- Entries provided:
──────

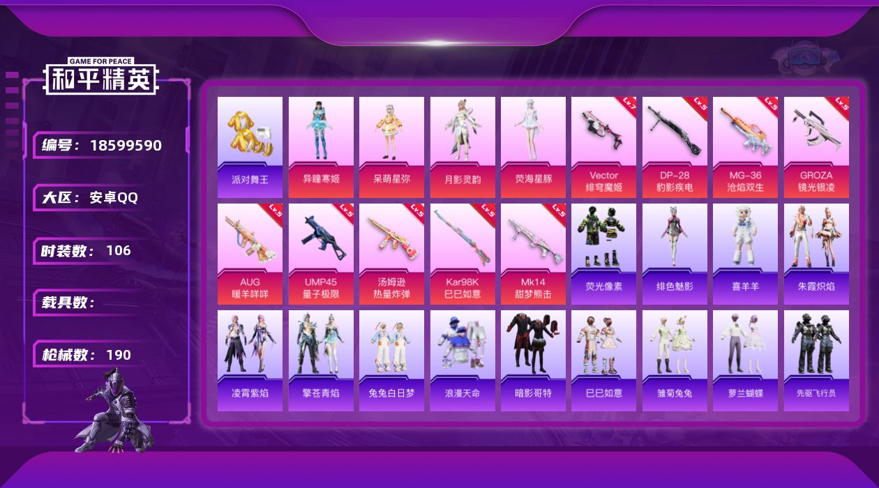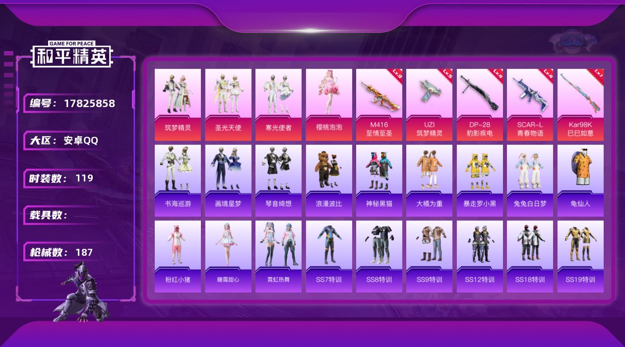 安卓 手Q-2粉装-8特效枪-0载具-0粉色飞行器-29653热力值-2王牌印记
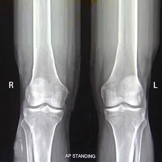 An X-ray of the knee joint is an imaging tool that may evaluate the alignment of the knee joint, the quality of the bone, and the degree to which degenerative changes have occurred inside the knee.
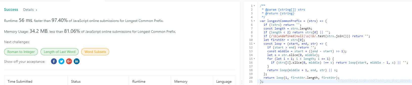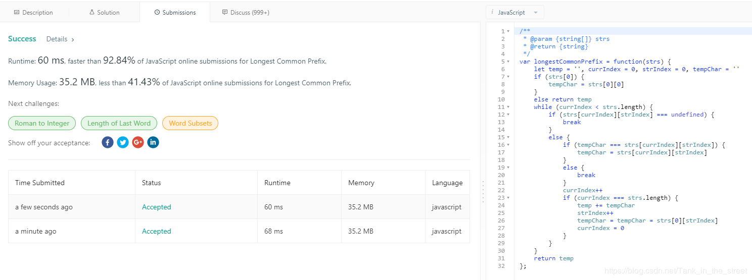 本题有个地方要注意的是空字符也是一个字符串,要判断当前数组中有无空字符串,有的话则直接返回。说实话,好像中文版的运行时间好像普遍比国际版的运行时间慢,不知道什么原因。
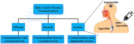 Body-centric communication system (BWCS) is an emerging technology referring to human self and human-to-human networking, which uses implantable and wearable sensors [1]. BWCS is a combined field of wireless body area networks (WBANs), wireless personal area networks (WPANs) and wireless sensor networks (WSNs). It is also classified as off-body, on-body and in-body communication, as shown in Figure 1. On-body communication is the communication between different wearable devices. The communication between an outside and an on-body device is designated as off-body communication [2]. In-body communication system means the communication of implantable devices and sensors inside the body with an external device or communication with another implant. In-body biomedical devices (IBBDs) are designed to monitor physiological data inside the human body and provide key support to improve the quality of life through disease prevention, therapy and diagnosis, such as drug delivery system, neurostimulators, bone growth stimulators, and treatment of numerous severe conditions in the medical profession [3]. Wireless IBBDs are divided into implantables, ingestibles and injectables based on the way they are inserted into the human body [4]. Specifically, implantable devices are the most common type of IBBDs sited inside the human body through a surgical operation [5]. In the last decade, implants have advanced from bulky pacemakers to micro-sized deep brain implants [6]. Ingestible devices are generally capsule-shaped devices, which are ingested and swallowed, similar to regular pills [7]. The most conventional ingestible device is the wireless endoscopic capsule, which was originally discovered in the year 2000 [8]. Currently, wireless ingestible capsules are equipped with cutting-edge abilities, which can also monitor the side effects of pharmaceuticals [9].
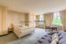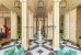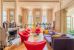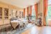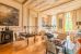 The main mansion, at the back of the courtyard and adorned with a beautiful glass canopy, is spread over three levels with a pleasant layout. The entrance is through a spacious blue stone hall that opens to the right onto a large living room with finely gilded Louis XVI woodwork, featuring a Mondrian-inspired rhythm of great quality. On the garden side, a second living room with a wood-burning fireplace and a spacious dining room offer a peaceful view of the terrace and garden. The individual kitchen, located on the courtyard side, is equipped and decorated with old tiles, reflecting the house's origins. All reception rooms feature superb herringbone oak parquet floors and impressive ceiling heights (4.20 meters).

──────

- Exercise requirements:
Retype everything in the material word for word, minus pictures.

- Your response:
 安卓 手Q-2粉装-8特效枪-0载具-0粉色飞行器-29653热力值-2王牌印记
 An X-ray of the knee joint is an imaging tool that may evaluate the alignment of the knee joint, the quality of the bone, and the degree to which degenerative changes have occurred inside the knee.
 本题有个地方要注意的是空字符也是一个字符串,要判断当前数组中有无空字符串,有的话则直接返回。说实话,好像中文版的运行时间好像普遍比国际版的运行时间慢,不知道什么原因。
 Body-centric communication system (BWCS) is an emerging technology referring to human self and human-to-human networking, which uses implantable and wearable sensors [1]. BWCS is a combined field of wireless body area networks (WBANs), wireless personal area networks (WPANs) and wireless sensor networks (WSNs). It is also classified as off-body, on-body and in-body communication, as shown in Figure 1. On-body communication is the communication between different wearable devices. The communication between an outside and an on-body device is designated as off-body communication [2]. In-body communication system means the communication of implantable devices and sensors inside the body with an external device or communication with another implant. In-body biomedical devices (IBBDs) are designed to monitor physiological data inside the human body and provide key support to improve the quality of life through disease prevention, therapy and diagnosis, such as drug delivery system, neurostimulators, bone growth stimulators, and treatment of numerous severe conditions in the medical profession [3]. Wireless IBBDs are divided into implantables, ingestibles and injectables based on the way they are inserted into the human body [4]. Specifically, implantable devices are the most common type of IBBDs sited inside the human body through a surgical operation [5]. In the last decade, implants have advanced from bulky pacemakers to micro-sized deep brain implants [6]. Ingestible devices are generally capsule-shaped devices, which are ingested and swallowed, similar to regular pills [7]. The most conventional ingestible device is the wireless endoscopic capsule, which was originally discovered in the year 2000 [8]. Currently, wireless ingestible capsules are equipped with cutting-edge abilities, which can also monitor the side effects of pharmaceuticals [9].
 The main mansion, at the back of the courtyard and adorned with a beautiful glass canopy, is spread over three levels with a pleasant layout. The entrance is through a spacious blue stone hall that opens to the right onto a large living room with finely gilded Louis XVI woodwork, featuring a Mondrian-inspired rhythm of great quality. On the garden side, a second living room with a wood-burning fireplace and a spacious dining room offer a peaceful view of the terrace and garden. The individual kitchen, located on the courtyard side, is equipped and decorated with old tiles, reflecting the house's origins. All reception rooms feature superb herringbone oak parquet floors and impressive ceiling heights (4.20 meters).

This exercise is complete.